In the 1980s and on into the mid- to late 1990s, sprouts of one variety or another appeared on virtually every salad bar and most deli sandwiches. They were widely accepted as a tasty and healthful addition to any diet. Alfalfa sprouts were most common, with clover, radish, and onion sprouts often offered as alternatives for enhanced flavor.
Sprout producers were generally small businesses, often started in basements and garages, growing sprouts in containers including gallon jars, small barrels, and, for the slightly larger operator, children’s wading pools. Seeds for sprouting were purchased from local suppliers like “co-op” stores or, again for the larger grower, one of a few national level sources. The seeds for sprouting were not differentiated from seeds intended for conventional planting and crop production.
One early sprouter was also involved in the family seed business, selling agricultural seed to landscapers, land reclamation operations, and farmers. With access to seed, especially alfalfa seed, from a variety of sources, this sprouter soon noticed that all seed was not created equal in terms of the quantity and quality of edible sprouts produced. Initially, the sprouter used this knowledge to enhance his own sprout growing operation, but he soon realized there might well be a market for superior quality sprouting seed among the growing number of small sprout producers across the country.
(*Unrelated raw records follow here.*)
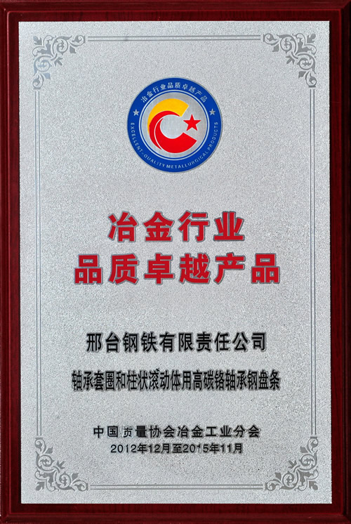 邢鋼軸承鋼盤條榮獲“冶金行業(yè)品質(zhì)卓越產(chǎn)品”榮譽(yù)稱號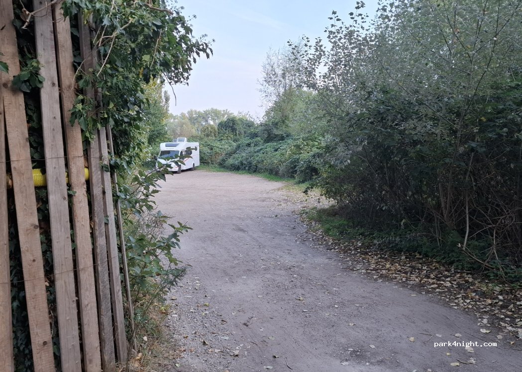 Ruhiger Standort im Grünen. Mehrere Parkplätze vor dem Eingang einer Kleingartenanlage. Sandiger unebener Weg, für große Wohnmobile eher nicht geeignet. Morgens ab 8Uhr laufen Fußgänger und Jogger über den Parkplatz.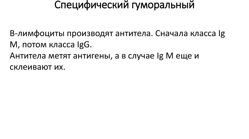 Специфический гуморальныйВ-лимфоциты производят антитела. Сначала класса Ig
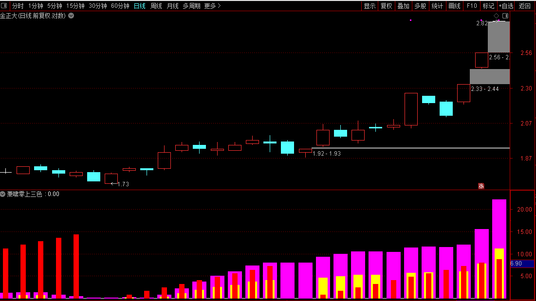 1.整个副图上只有四种颜色的柱体,我们只要在0轴上方同时聚齐粉黄红三种颜色的柱体就行。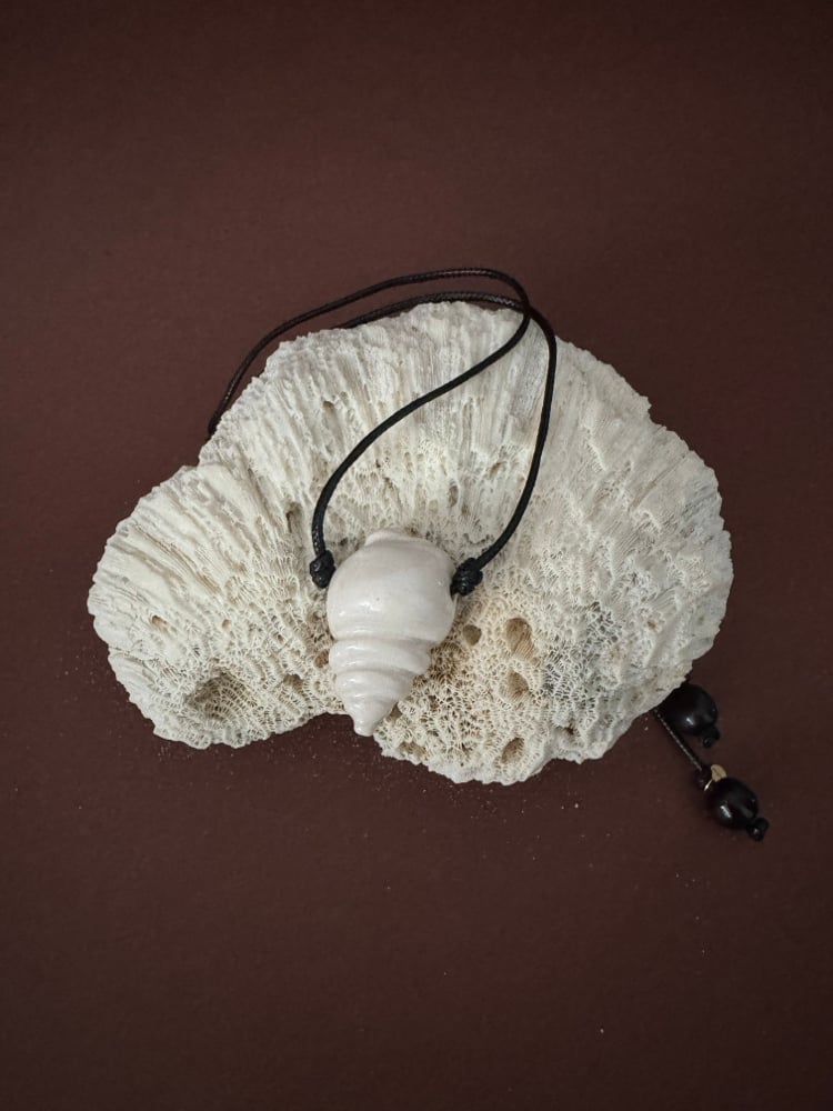 Colgante largo con una caracola realizada a mano en cerámica esmaltada en transparente brillante. Lleva un cordón encerado.

This sprouter found a niche as a seed supplier and is now, though no longer an active sprout grower, one of the two major seed suppliers to American sprouters. He has been at the forefront in developing seed handling systems specifically for sprouting seed. His company is developing a seed treatment process that provides sprouting seed with a significantly reduced level of microbial contamination.
At about this same time, a NASA invention, originally designed to grow assorted greens in a weightless environment, was adapted to allow semi-automated growth of commercial quantities of sprouts just about anywhere with space, water supply, and a drain. “Rotary drum” sprouting systems of one sort or another became the standard method for green sprout production.
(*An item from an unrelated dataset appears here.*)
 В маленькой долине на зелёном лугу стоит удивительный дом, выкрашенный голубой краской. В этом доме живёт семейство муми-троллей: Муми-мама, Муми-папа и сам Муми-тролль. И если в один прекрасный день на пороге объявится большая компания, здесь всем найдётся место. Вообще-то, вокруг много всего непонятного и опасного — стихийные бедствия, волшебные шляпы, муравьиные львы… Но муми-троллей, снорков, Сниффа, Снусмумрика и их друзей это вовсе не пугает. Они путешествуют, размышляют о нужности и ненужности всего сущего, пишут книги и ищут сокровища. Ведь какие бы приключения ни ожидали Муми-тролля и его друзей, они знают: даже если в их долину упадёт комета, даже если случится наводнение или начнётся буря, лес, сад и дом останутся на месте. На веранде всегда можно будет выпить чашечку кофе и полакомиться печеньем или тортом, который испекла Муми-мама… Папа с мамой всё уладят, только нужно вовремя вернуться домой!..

At the peak of the sprouting business, there were more than a hundred small sprouters scattered across the country. Sprouting appealed to folks with little capital who wanted to run their own business and were, at least to some degree, committed to natural, minimal input food production. Few, if any, of the early sprout producers had significant training in microbiology, chemistry, or any other science relevant to the safe production of food.
The advent, in the early to mid-1990s, of superior systems designed to detect and track foodborne disease resulted in the discovery of many microbial contamination issues in food products not previously seen as high risk. Sprouts were among the most heavily impacted as one foodborne disease outbreak after another was traced back to what had been considered a safe and wholesome form of fresh food. With these findings, FDA and CDC interest in sprouts and sprouting grew.
As investigations continued, it became obvious that sprout seed was the likely source of many if not most of the disease outbreaks traced to sprouts. Many types of seed treatments were investigated by government and university research groups. Although complete eradication of bacteria on seed remained an elusive goal, a method first published by Larry Beauchat, PhD, a research professor at the Center for Food Safety at the University of Georgia, became the standard. Dr. Beauchat’s application of a 20,000 ppm calcium hypochlorite solution to seed prior to sprouting was incorporated as the reference seed treatment in a 1999 FDA guidance document.